As Mark Perry of AEI shows us, they are actually becoming upper class citizens. What’s more, the number of people in the lower income bracket is shrinking as well, but you’ll be hard-pressed to hear Sen. Sanders shouting that statistic while he wags his finger at Wall Street. Saying that the only income class of Americans that has grown over the last 50 years is the highest one doesn’t quite mesh with his ‘there isn’t a problem government can’t fix’ platform. But there’s another problem with all of these numbers: they are not longitudinal. They examine what all of America looks like at a given point in time, and do not tell us what any one individual has experienced over that timeframe.

So take me as your example – and I’d argue I’m a pretty representative one. In 1997, I would be squarely in that lowest income bracket. Bernie would say how awful that is that I was not able to experience a middle class lifestyle! But hold on now. I was 21 years old – yes, that make me an adult head of household for these purposes. I had two housemates. I drove a used car (that I adored, mind you). I should have had minimal debt, but I might have had a slight addiction to music that ran up the Mastercard a bit. Suffice it to say though: I wasn’t supposed to be middle class at this point in my life.
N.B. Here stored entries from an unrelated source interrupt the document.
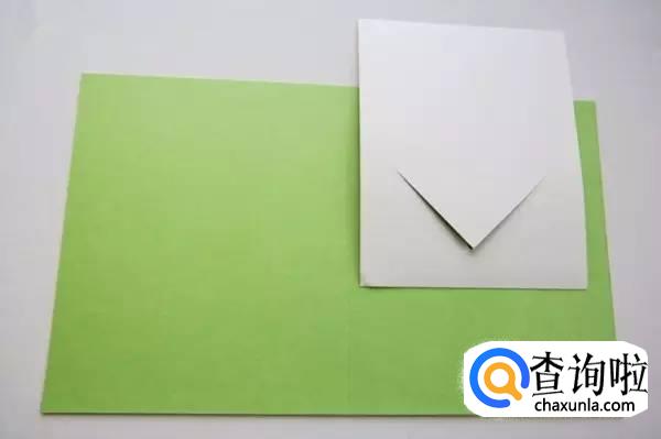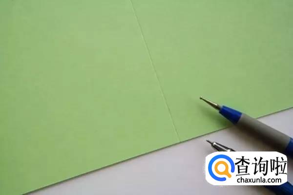 然后,再取一张绿色卡纸对折一下,用来制作贺卡主体。
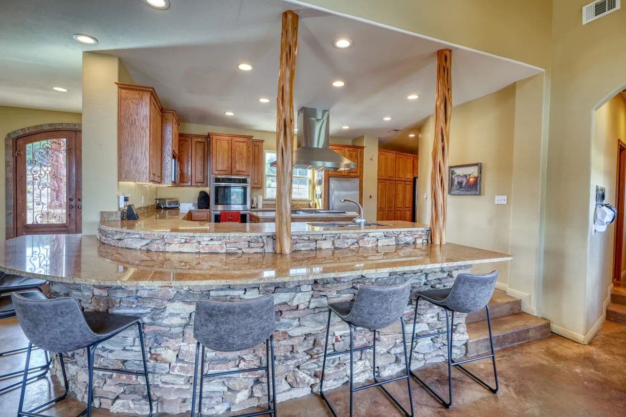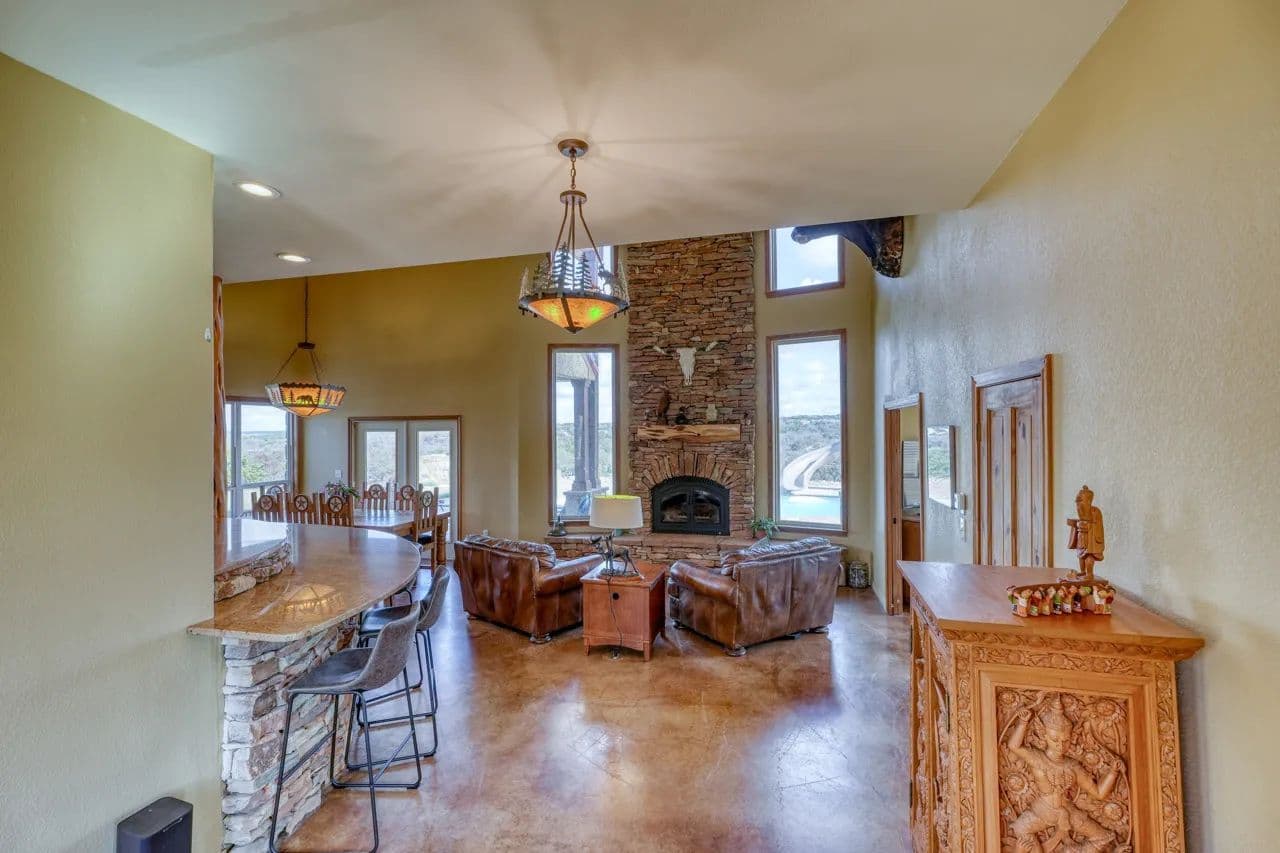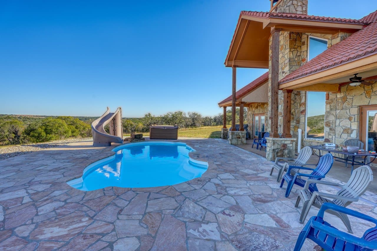 The centerpiece of Mason Ranch is a stunning 3,007 sq. ft. custom stone home built in 2005. The residence features stained concrete floors, granite countertops, and a gourmet kitchen equipped with a double oven and JennAir cooktop. With 4 spacious bedrooms and 3 bathrooms, the home offers ample comfort and style. Cozy up by the fireplace on cool evenings, or step outside to enjoy your private oasis—a swimming pool with a slide, a hot tub, and panoramic views from the hilltop setting.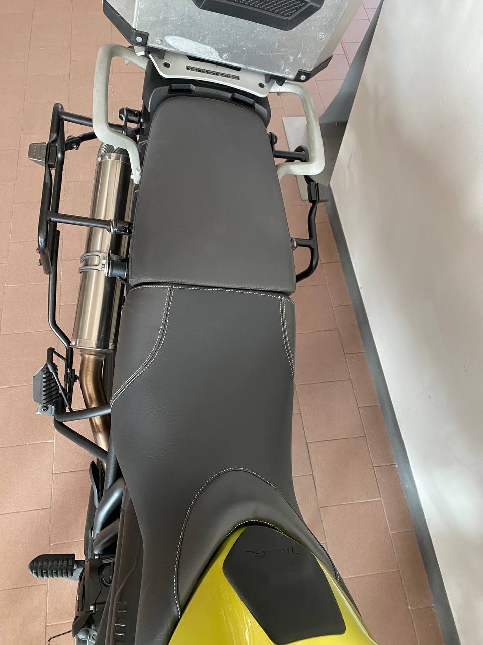 Moto super accessoriata, pronta per viaggiare:

Looking at that chart for the year marked 1997, I’m on that top line, nonetheless.

Fast forward 10 years, and I finished my undergrad degree, paid off 100% of my non-college debt, and live in a pretty nice condo in one of the five most expensive cities in the country. And now I’m on that bottom line on the graph, the highest income bracket. How is that possible? How in ten years can a person go from lower class earnings to higher class earnings? The answer is simple: I worked my ass off. Because that’s what you can do in America: work hard, get ahead.

Sure, I also made some smart choices: I took jobs with companies that I knew would help me grow professionally. I also chose a profession (albeit less intentionally) that offered a great deal of upward mobility. Even still, I worked a lot of hours, did some pretty undesirable work (think George Clooney in Up in the Air*), and was successful. I only actually spent three years on that middle line. But the lines on a chart don’t show what hard work can do. They just capture talking points for an opportunistic candidate, who ignores the other relevant data points to push his message of class warfare. And make no mistake about it: that is what this is. It is telling people that they deserve better, but someone else - someone with more money - is holding them back.

Let me tell you: had I bought into that message in 1997, I might still be in that lowest bracket. I might be pointing my finger at all those who achieved success as the cause for all that ails me. But I’d be wrong. Just as Bernie is wrong. You probably know of someone just like that, who doesn’t take responsibility for what happens to them and act to move things forward. Are there systemic factors that prevent people from getting ahead? Absolutely. But they can be overcome when you look for the solutions within, and don’t ask the government – or anyone else for that matter - to fix things for you. You have to ask that of yourself first.

Bernie will tell you he has the solutions. Hillary too, as she has hopped on this train as well. But ask yourself when you look at that chart: is there really even a problem?